Personal information
- Born: April 23, 1989 (age 37) Chula Vista, California, U.S.
- Listed height: 6 ft 5 in (1.96 m)
- Listed weight: 321 lb (146 kg)

Career information
- High school: Caledonia (MS)
- College: Mississippi State (2007–2010)
- NFL draft: 2011: 1st round, 32nd overall pick

Career history
- Green Bay Packers (2011–2014); Kansas City Chiefs (2015)*;
- * Offseason or practice squad member only

Awards and highlights
- Second-team All-American (2010); First-team All-SEC (2010); Second-team All-SEC (2009);

Career NFL statistics
- Games played: 20
- Games started: 1
- Stats at Pro Football Reference

= Derek Sherrod =

American football player (born 1989)

Derek Lee Sherrod (born April 23, 1989) is an American former professional football player who was an offensive tackle in the National Football League (NFL). He was selected by the Green Bay Packers in the first round of the 2011 NFL draft. He played college football for the Mississippi State Bulldogs.

==Early life==
Sherrod was born in Chula Vista, California. He attended Caledonia High School in Caledonia, Mississippi, where he played for the Caledonia Confederates high school football team. He was a four-year starter on the offensive line and three-year regular on the defensive side of the ball. He allowed just one quarterback sack during his senior season and was credited with 32 pancake blocks, while also making 79 tackles on defense, with six quarterback sacks and four fumble recoveries. Sherrod was a first-team All-State selection in Class 3A by the Mississippi Association of Coaches at offensive tackle.

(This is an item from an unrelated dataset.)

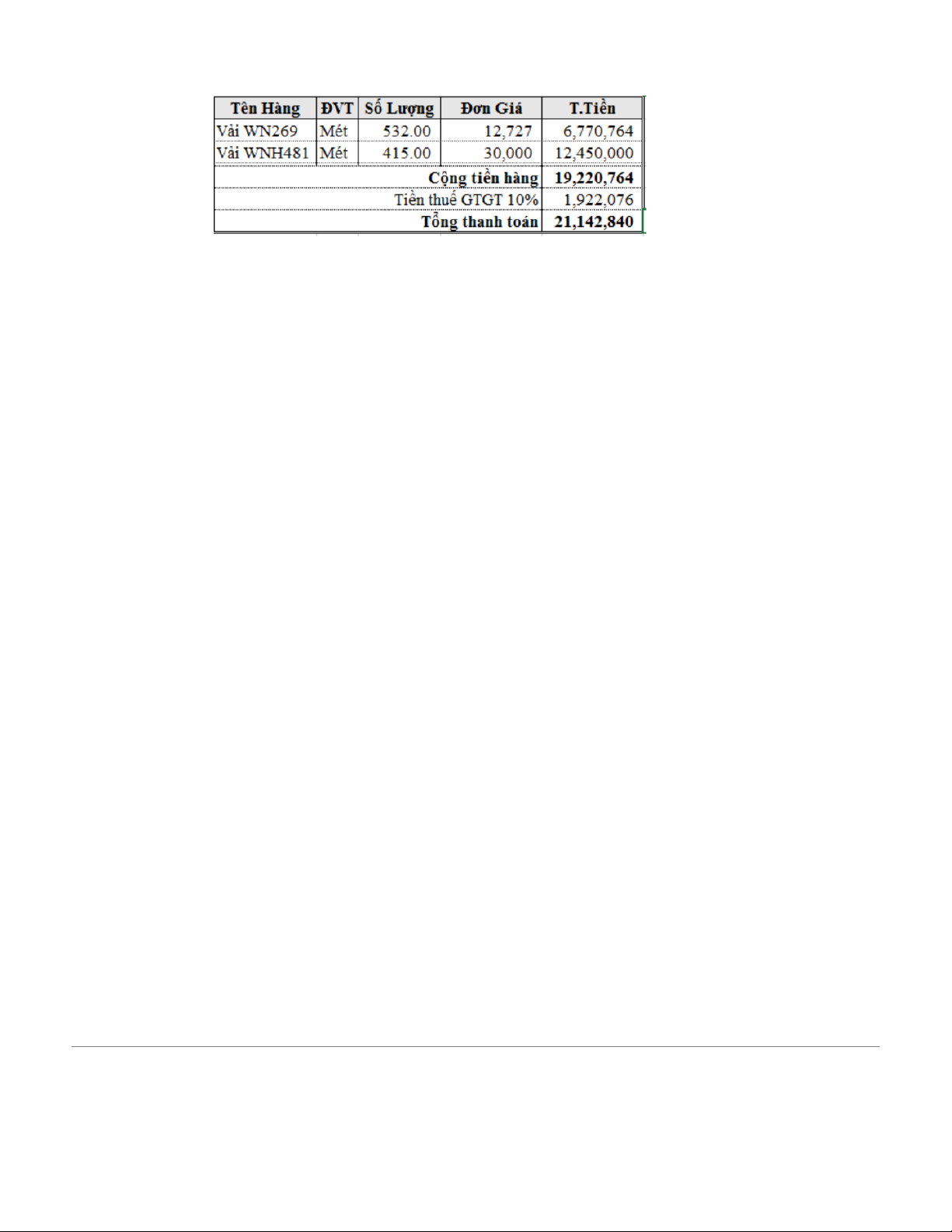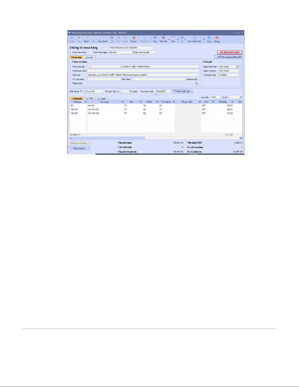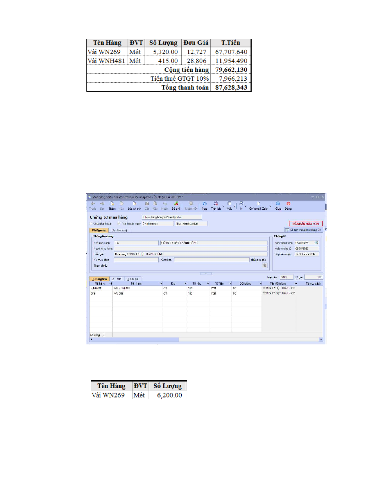 1. Ngày 03/01/2025, mua vải của Công Cảm ơn Dệt Tôi Công, chi tiết bạn đơn NHOM0X_19C-0145672 như sau: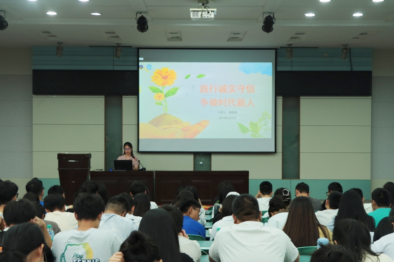 开展诚信警示教育,增强诚信意识。学院组织开展“践行诚实守信·争做时代新人”专题讲座。讲座内容包含诚信的价值、考试诚信、就业诚信、还贷诚信、金融知识等方面,通过违约失信等典型案例教育引导大学生要树立诚实守信的价值理念,珍视自己的信用,维护自己的征信系统,依法履行国家助学贷款合同,以诚立德、以诚促行、积极将诚信意识转化为大学生的自觉素养与行为养成。

Regarded as a four-star recruit, he was listed as the No. 13 offensive tackle prospect of the class of 2007. He chose Mississippi State University over Florida, Miami (Fla.), Notre Dame, Michigan, Louisville and Ole Miss.

==College career==
In 2007, his true freshman year, Sherrod played in all but two games (11 of 13) during the regular season. He was teammates with his brother Dezmond in 2007. As a sophomore, he became a starter in the final 11 games for the Bulldogs at left tackle, after missing the season opener due to injury and not starting in Week 2.

In his junior season, Sherrod started all 12 games at left tackle and helped pave the way for Mississippi State to lead the Southeastern Conference in rushing, with running back Anthony Dixon recording 1,391 yards for the season (a new MSU single-season rushing record).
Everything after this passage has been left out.